Diagnostik- und Forschungszentrum

Forschungsschwerpunkt Molekulare Epidemiologie und Klinische Mikrobiologie

Teamleiter*innen: Ivo Steinmetz, Eva Leitner-Meyer, Gabriel Wagner-Lichtenegger

Fokus: Kenntnisse über die Verbreitung von Infektionserregern in der Bevölkerung und in Gesundheitseinrichtungen sind essentiell für eine zielgerichtete Patient*innendiagnostik und die Überprüfung von Präventionsstrategien.

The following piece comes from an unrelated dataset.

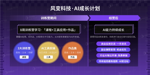 利用碎片化時(shí)間系統(tǒng)性學(xué)習(xí)AI能力,風(fēng)變AI成長計(jì)劃以輸出結(jié)果為導(dǎo)向、按周為單位,建立了完善的AI課程培養(yǎng)體系。幫助用戶從AI使?者蛻變?yōu)锳I開發(fā)者,風(fēng)變AI成長計(jì)劃開設(shè)的AI繪圖、AI對話、AI視頻三大訓(xùn)練營,以圖像、文本、視頻等多元化課程表現(xiàn)形式為用戶灌輸知識點(diǎn)。如AI繪圖訓(xùn)練營的四周課程中依次對用戶展開繪圖基本功訓(xùn)練、繪圖專業(yè)創(chuàng)作、商業(yè)應(yīng)用初階、商業(yè)應(yīng)用進(jìn)階的專項(xiàng)訓(xùn)練,輸出自己的專屬作品集,用戶將從新手逐步進(jìn)化成為具備專業(yè)能力的設(shè)計(jì)師,最終完成個(gè)人價(jià)值的商業(yè)變現(xiàn)。

Eine State-of-the-art Methodik im Labor ist für die Identifizierung und Typisierung von Infektionserregern, neuen Erregervarianten und antimikrobiellen Resistenzen von zentraler Bedeutung. Es gibt auf diesem Gebiet eine Vielzahl neuer Entwicklungen die zum Ziel haben, die Schnelligkeit und Genauigkeit der Verfahren weiter zu verbessern. Ziel unserer Arbeiten ist es, diese Methoden weiter zu optimieren und deren zielgerichteten Einsatz zu evaluieren.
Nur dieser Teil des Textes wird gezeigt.